Ford’s Farley is putting the proverbial pedal to the metal. (Image: Ford)
“We’re done with incremental change. “We have a clear plan, a bias for action, and a whatever-it-takes mindset.”
That’s Jim Farley, Ford president and CEO, during an earnings call on February 3, 2022. The company reported a full-year net income of $17.9-billion for 2021.
Then, as Bloomberg reported shortly thereafter: “Ford Motor Co. shares tumbled the most in almost two years after the automaker missed estimates for quarterly earnings and cautioned it may get off to a slow start to the year due to supply chain issues.”
While stock prices are certainly important (and let’s face it: by the time you read this they will be different from what they were last Thursday at the end of trading), and while Farley, in the announcement of Ford’s results said, “Financial performance is obviously critical”—that “We’re done with incremental change” mindset is potentially troubling.
Farley said, “We’re also proud that customers see how Ford is taking EVs mainstream and have already ordered or reserved more than 275,000 all-electric Mustang Mach-E SUVs, F-150 Lightning pickups and E-Transit commercial vehicles – and we’re breaking constraints to deliver every one of them as fast as we can.”
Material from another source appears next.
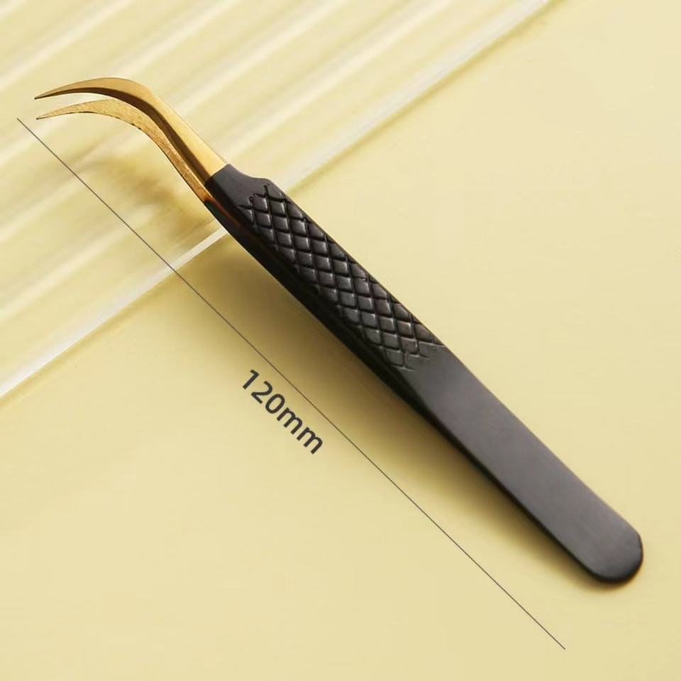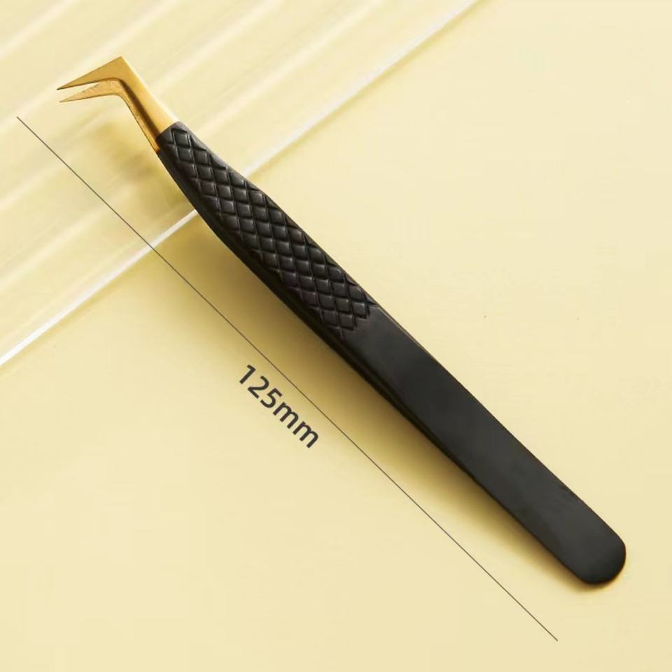 แหนบต่อขนตาปลายแหลมแบบไฟเบอร์ ทำจากสแตนเลสสีดำ ด้ามจับโค้ง พร้อมโลโก้สั่งทำได้ ขายส่ง

The Eli Goldratt gloss notwithstanding, there are some things worth knowing.
The Numbers
Last year Ford delivered 27,140 Mustang Mach-Es.
Laudable, but it should be noted that it also sold 52,414 regular Mustangs.
The F-150 Lightning will undoubtedly be a success—but know that last year Ford sold 726,004 F-Series trucks powered by liquid fuel and it will have the capability to build 150,000-electron-powered versions by mid-2023.
And as of the end of January it had more than 10,000 orders (including some 1,100 from Walmart) for E-Transits.
Last year Ford delivered 99,745 non-E Transits.
The Toyota Way
Farley’s quoted comments sound bold.
But as a guy who spent time at Toyota (he joined the company in 1990 and left for Ford in 2007), Farley needs to take something he knows well called “continuous improvement” into account.
Consider: in December 2012, according to goodcarbadcar.net, Ford’s U.S. market share was 16.8%. Toyota was at 14.3%.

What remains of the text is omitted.